Circa 15mila numeri civici da modificare, con conseguente mole di lavoro anche per i servizi anagrafici dei Comuni, chiamati a cambiare i dati di tutti i cittadini coinvolti, costretti a loro volta a subire un ulteriore disagio. È portando l’esempio di quel che avverrebbe in una città medio-grande come Bologna che il presidente dell’Anci, Antonio Decaro, ha scritto al suo omologo all’Istat Giorgio Alleva e al direttore generale dell’Agenzia delle Entrate Rossella Orlandi, chiedendo di «riattivare il confronto tecnico per assicurare le condizioni migliori per l’avvio a regime dell’Anncsu secondo modalità più sostenibili dai Comuni», alla luce della "preoccupazione" manifestata all’Anci da molte amministrazioni.
La vicenda
L’Anncsu altro non è che l’«Archivio nazionale dei numeri civici delle strade urbane», istituito nel 2012 per rispondere all’esigenza di creare un database unico, informatizzato e con dati omogenei, gestito da Agenzia delle Entrate e Istat, che lo dovrà utilizzare come unico archivio toponomastico di riferimento per il censimento permanente e la produzione di statistiche territoriali.
La questione è riemersa proprio in seguito a una nota "di chiarimenti" dell’Istituto nazionale di statistica, diffusa lo scorso 10 Ottobre, che avvertiva i Comuni: l’Anncsu non sarebbe predisposto per contenere numeri civici con esponenti numerici, quindi ogni Comune sarebbe obbligato ad adeguarsi e modificare le numerazioni, eliminando appunto gli esponenti numerici associati ai numeri civici (ovvero gli ulteriori numeri identificativi che in alcuni casi seguono il numero civico e ne sono separati da una barra, ndr). Ebbene questa disposizione, spiega Decaro, «contrasta con la situazione de facto di numerose realtà territoriali, e mette molti Comuni in difficoltà, a fronte di attribuzioni storiche di numeri civici con esponente numerico».
I rischi dell’operazione
L’attuale situazione e l’uso di esponenti numerici, fa del resto notare il presidente dell’ANCI, non costituisce una scelta arbitraria da parte dei Comuni, ma al contrario è stata resa possibile grazie agli «avalli rilasciati nel tempo da codesto Istituto» e alle «regole di standardizzazione ricevute dallo stesso Istituto con la circolare prot. n. 912/2014/P, la quale ha chiarito come il civico possa "contenere un’eventuale parte alfanumerica definita esponente"».

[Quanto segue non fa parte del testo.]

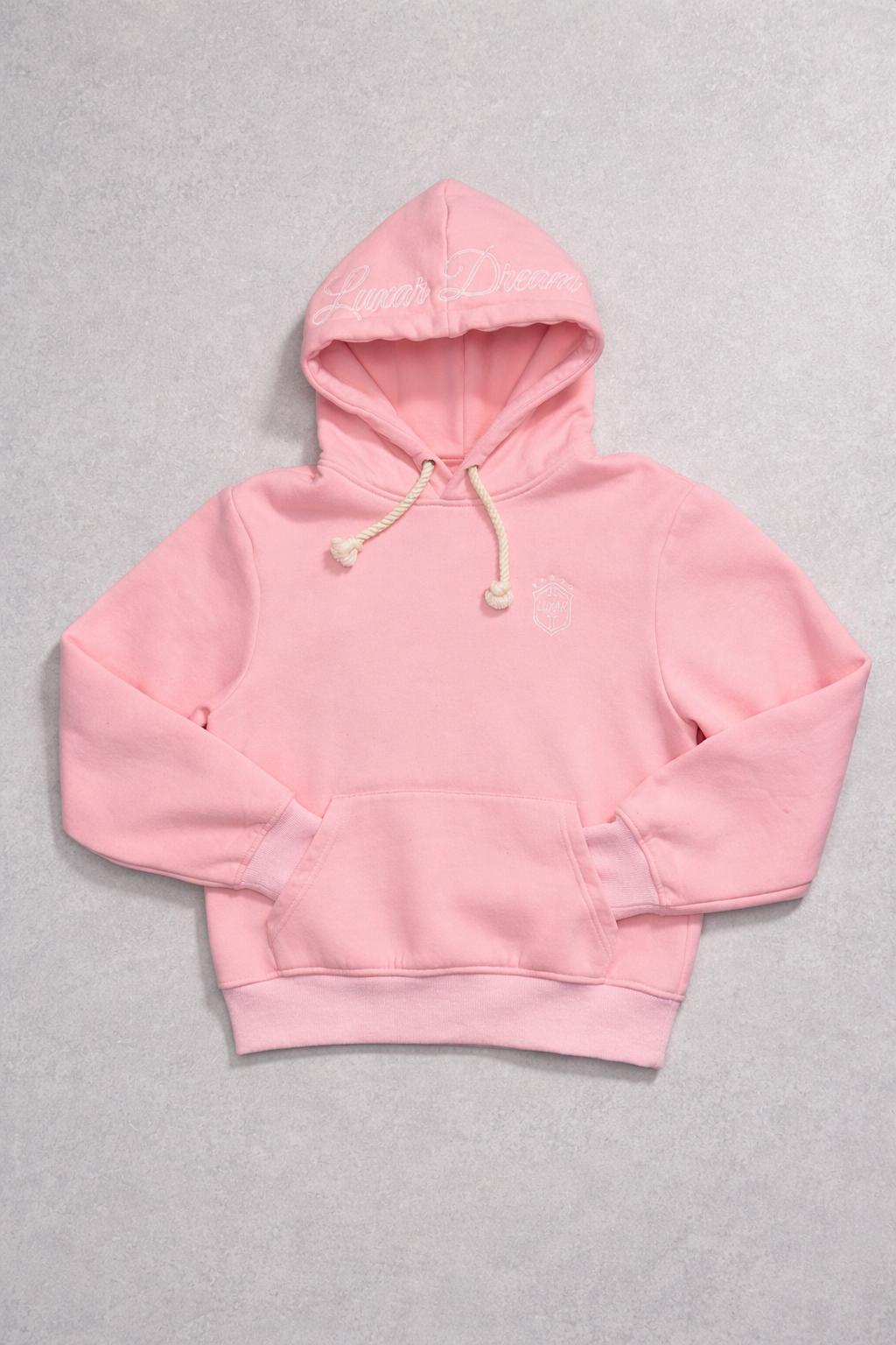 Hoodie de corte clásico con capucha ajustable mediante cordones trenzados en tono claro. Cuenta con bolsillo frontal tipo canguro y acabados acanalados en puños y bajo para un ajuste cómodo. En el pecho incorpora el emblema Luxar con bordado 3D, aportando relieve y carácter, mientras que en la capucha destaca el texto “Luxar Dream” con bordado normal, logrando un acabado limpio y elegante.

Chiedere ora ai Comuni di modificare le numerazioni civiche e i dati anagrafici dei cittadini coinvolti – in contrasto con le precedenti disposizioni – «richiederebbe risorse umane e strumentali che peserebbero in maniera rilevante su Comuni e cittadini, considerata anche la consistenza del fenomeno che in alcune città arriva a coinvolgere decine di migliaia di casi. Nel caso del solo Comune di Bologna – ed ecco l’esempio di Decaro – risulterebbero da modificare non meno di 15 mila civici».
Il riavvio del confronto tecnico sull’applicazione delle nuove norme, infine, viene richiesto anche alla luce di ulteriori osservazioni: «La piena operatività del Dpcm del 12 maggio 2016 relativo proprio all’Anncsu – ricorda Decaro – deve comprendere il completamento della decretazione attuativa. La norma prevede infatti l’adozione di una o più istruzioni tecniche oltre alla definizione, attraverso apposito provvedimento interdirigenziale, delle specifiche tecniche e delle modalità di accesso ai servizi erogati dall’Anncsu, passaggi su cui è previsto il parere dell’Anci».